Victivallis vadensis is a Gram-negative, coccus-shaped, bacteria found in the human digestive tract. It measures approximately 0.5-1.3 micrometers in diameter, is non-motile and chemoorganotrophic, and does not form spores. Victivallis vadensis is strictly anaerobic, as are 90 percent of the bacteria in the human gastrointestinal system.

History 

Victivallis vadensis was originally known as strain CelloT, as it is able to use cellobiose as a carbon source. It was later renamed for an area in the Netherlands, known as “Food Valley”, near the scientists at Wageningen University, who first identified the organism. (Victus is Latin for food; vallis is Latin for valley.)

Diversity 

Victavallis vadensis is a facultative anaerobe, like most gut microbes. It has only been sourced from human feces to date and is therefore known only to exist in the human gastrointestinal tract, and is currently the only organism belonging to the order Victivallales and genus Victivallis. Through 16S rRNA sequencing, it has been determined that strain CelloT forms its own cluster in the division Verrumicrobia, and two related but uncultured clones have been found that have a 94% 16S rRNA gene sequence similarity.

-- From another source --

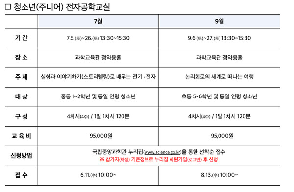 국립중앙과학관(관장 권석민)은 「청소년(주니어) 전자공학교실」을 오는 7월과 9월 매주 토요일(각 4차시) 새롭게 운영한다고 밝혔다.

The Victavallis vadensis genome contains 4,577,257 bases with 3,541 protein coding sequences, of which 2,031 are functional. G-C bases make up 59.5 percent of the DNA. This bacteria is most closely related to Lentisphaera araneosa with 84.4 percent of the same 16S rRNA. These two organisms are also differentiated based on the environments in which each is found. Lentisphaera spp. are found in sea water, while V. vadensis is found in the human digestive system.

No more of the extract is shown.